But the UK is far from the only country vulnerable to the whims of global oil and gas markets and the hostile states that control them. The question is not whether the latest upheaval in the Middle East will impact countries around the world, but how quickly and how severely. Experts warn that even if the crisis in Iran is resolved swiftly, the economic consequences will play out over months and years, with many of the worst effects still to come.

In an interconnected world, it would be foolish for wealthy countries to turn inwards and simply look after their own. The UK’s supply chains are heavily reliant on countries like Bangladesh, Vietnam, and the Philippines. If spikes in fossil fuel prices push those economies into blackouts or recession, the consequences here will be inflation, disrupted imports, and economic instability. If the rich world tries to outbid poorer nations for dwindling fuel supplies, we risk a global race to the bottom where the poorest suffer first, but everyone suffers eventually.
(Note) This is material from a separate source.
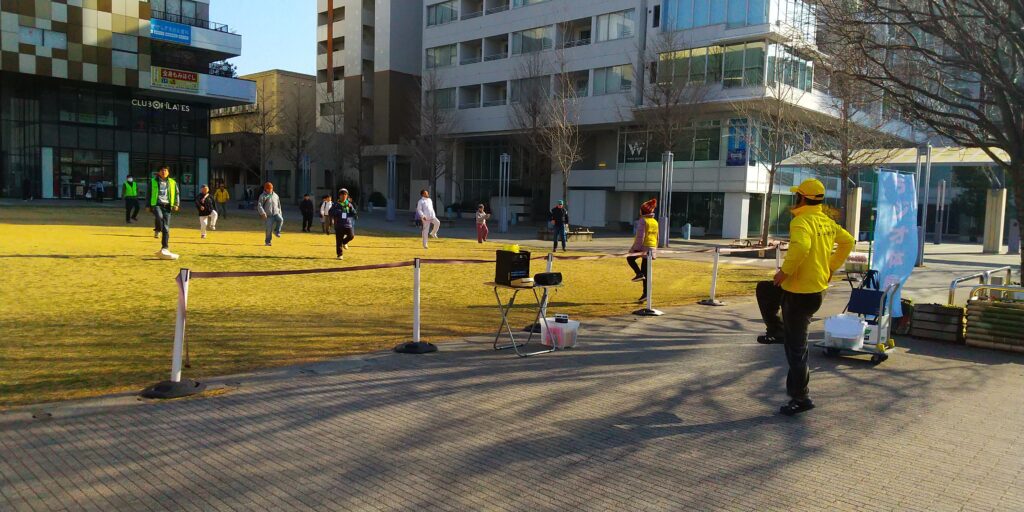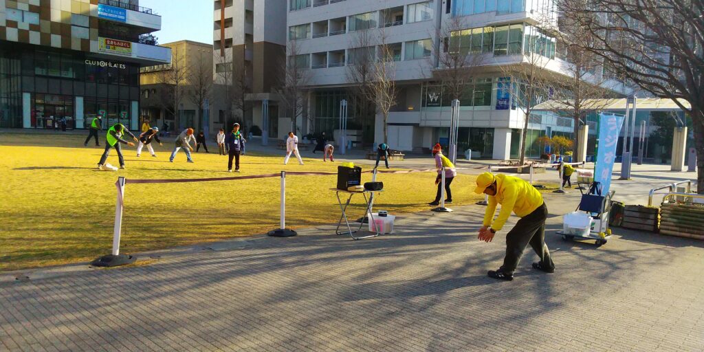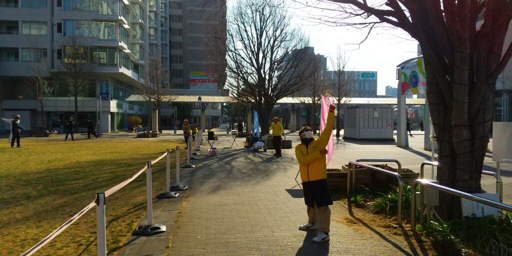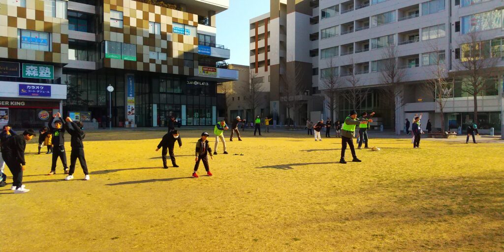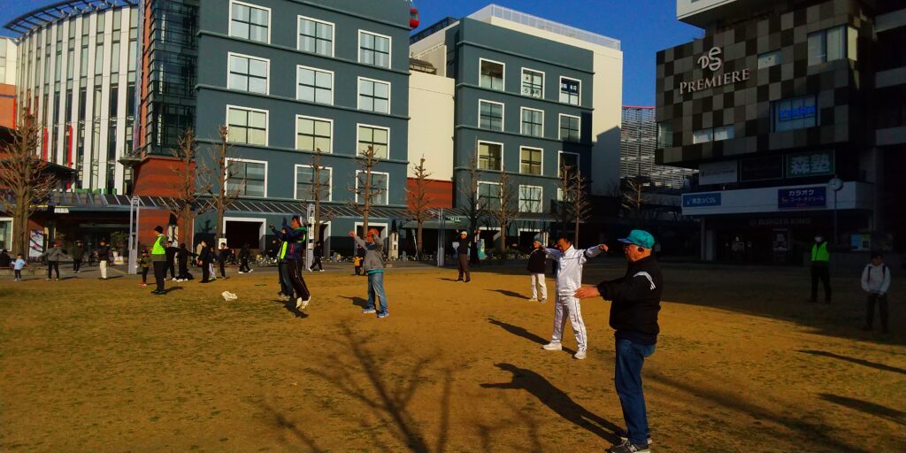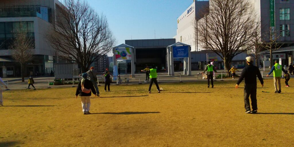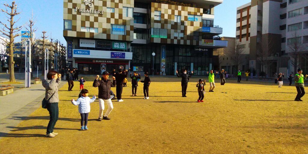 今回は大阪弁の号令に合わせて、ラジオ体操第一/第二を実施しました。

The world has made impressive progress on climate cooperation over the last 30 years, but we remain far off target, with the irrational US-led backlash against renewable energy making further progress harder still. The failure of the too-little-too-late 2009 COP summit in Copenhagen underscored the challenge of getting global agreement on decarbonisation. And the 2015 Paris Climate Accord, while a major step forward, still put the onus on states to create their own targets and work towards them individually – an ever-more insufficient framework in an increasingly unstable world. New global instability requires a new international approach that focuses on how decarbonisation can deliver energy security through resilience and supply diversity.

The truth is that clean energy is no longer simply the solution to climate change. It is the foundation of economic stability, national security, and global peace. The alternative is a world in which fossil fuels continue to drive instability, conflict, and economic crises. That future is not inevitable – but it is the future we will drift into if we fail to act.